Mechanisms of resistance to KRASG12C inhibitors in KRASG12C-mutated non-small cell lung cancer

Abstract

The KRAS protein, a product of the KRAS gene (V-ki-ras2 Kirsten rat sarcoma viral oncogene homolog), functions as a small GTPase that alternates between an active GTP-bound state (KRAS(ON)) and an inactive GDP-bound state (KRAS(OFF)). The KRAS^G12C mutation results in the accumulation of KRASG12C(OFF), promoting cell cycle survival and proliferation primarily through the canonical MAPK and PI3K pathways. The KRAS^G12C mutation is found in 13% of lung adenocarcinomas. Previously considered undruggable, sotorasib and adagrasib are the first available OFF-state KRASG12C inhibitors, but treatment resistance is frequent. In this review, after briefly summarizing the KRAS pathway and the mechanism of action of OFF-state KRASG12C inhibitors, we discuss primary and acquired resistance mechanisms. Acquired resistance is the most frequent, with "on-target" mechanisms such as a new KRAS mutation preventing inhibitor binding; and "off-target" mechanisms leading to bypass of KRAS through gain-of-function mutations in other oncogenes such as NRAS, BRAF, and RET; or loss-of-function mutations in tumor suppressor genes such as PTEN. Other "off-target" mechanisms described include epithelial-to-mesenchymal transition and histological transformation. Multiple co-existing mechanisms can be found in patients, but few cases have been published. We highlight the lack of data on non-genomic resistance and the need for comprehensive clinical studies exploring histological, genomic, and non-genomic changes at resistance. This knowledge could help foster new treatment initiatives in this challenging context.

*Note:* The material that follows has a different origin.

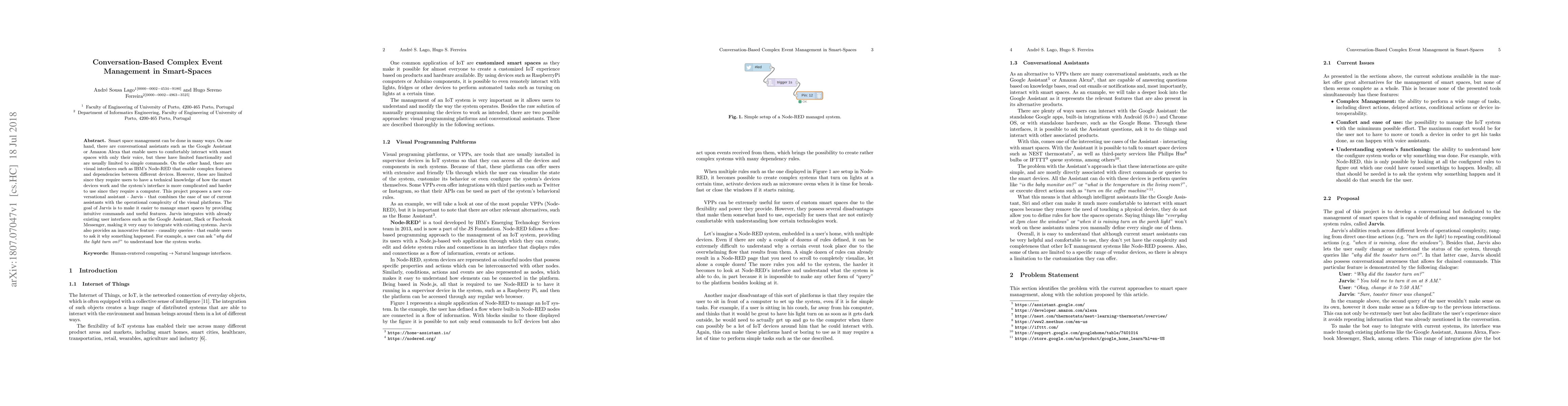 Smart space management can be done in many ways. On one hand, there are conversational assistants such as the Google Assistant or Amazon Alexa that enable users to comfortably interact with smart spaces with only their voice, but these have limited functionality and are usually limited to simple commands. On the other hand, there are visual interfaces such as IBM's Node-RED that enable complex features and dependencies between different devices. However, these are limited since they require users to have a technical knowledge of how the smart devices work and the system's interface is more complicated and harder to use since they require a computer. This project proposes a new conversational assistant - Jarvis - that combines the ease of use of current assistants with the operational complexity of the visual platforms. The goal of Jarvis is to make it easier to manage smart spaces by providing intuitive commands and useful features. Jarvis integrates with already existing user interfaces such as the Google Assistant, Slack or Facebook Messenger, making it very easy to integrate with existing systems. Jarvis also provides an innovative feature - causality queries - that enable users to ask it why something happened. For example, a user can ask "why did the light turn on?" to understand how the system works.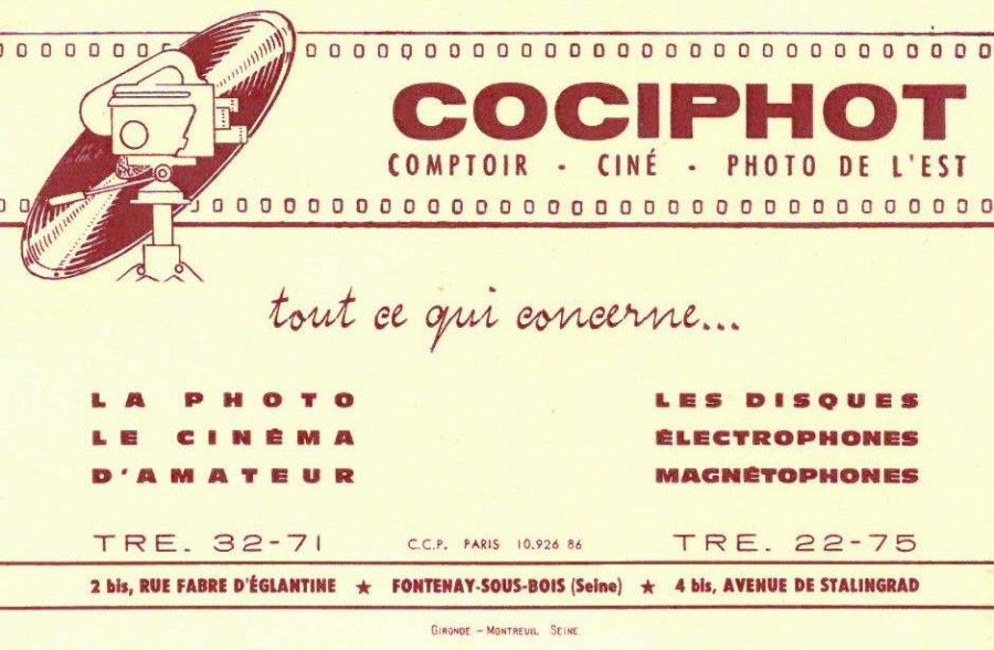 Carte de visite du commerce Cociphot, comptoir-ciné-photo,

Keywords: KRASG12C inhibitor resistance; KRASG12C mutation; adagrasib; non-small cell lung cancer; sotorasib; translational research.

Figure 1

Model of KRASG12C-protein in the inactive GDP-bound state with important domains highlighted. 3D molecule was rendered with ProteinImager (http://3dproteinimaging.com) based on the crystal structure (PBD ID: 6OIM, rcsb.org/structure/6OIM). The structure of the KRAS gene comprises a G-domain coding region and a hypervariable region, including the conserved CAAX motif, a membrane anchor sequence (C: cysteine, A: aliphatic amino acids, X: any amino acid and residues coding for a lipid tail; not shown here). Selected structural regions of the KRAS protein G-domain are highlighted: the phosphate-binding loop (P-loop, amino acids (aa) 10 to 16) and the two switch regions (switch I (aa 30 to 38) and switch II (aa 59 to 67)). Both switch regions change conformation to make hydrogen bonds with the gamma-phosphate in GTP-bound-KRAS. Sotorasib is observed in its binding pocket (P2, behind Switch II region, near mutated Cysteine-12). The mutated Cystein-12 residue is shown in yellow. Adagrasib interacts with the P2 binding pocket in the same way as sotorasib.

Figure 2

Summary of "on-target" and "off-target" resistance mechanisms to OFF-state KRASG12C inhibitors. Summary of "on-target" and "off-target" resistance mechanisms described with OFF-state KRASG12C inhibitors sotorasib and adagrasib. "On-target" resistance encompasses new KRAS activating mutations and increased KRASG12C output due to growth factor receptors' feedback reactivation. "Off-target" resistance mechanisms include amplification or mutations of other oncogenes, upstream reactivation of wild-type KRAS and other RAS isoforms, epithelial-to-mesenchymal transition, and adeno-to-squamous transition. The illustration was created with BioRender.com. KRASG12Ci, OFF state KRASG12C inhibitor; GFR, Growth Factor Receptor.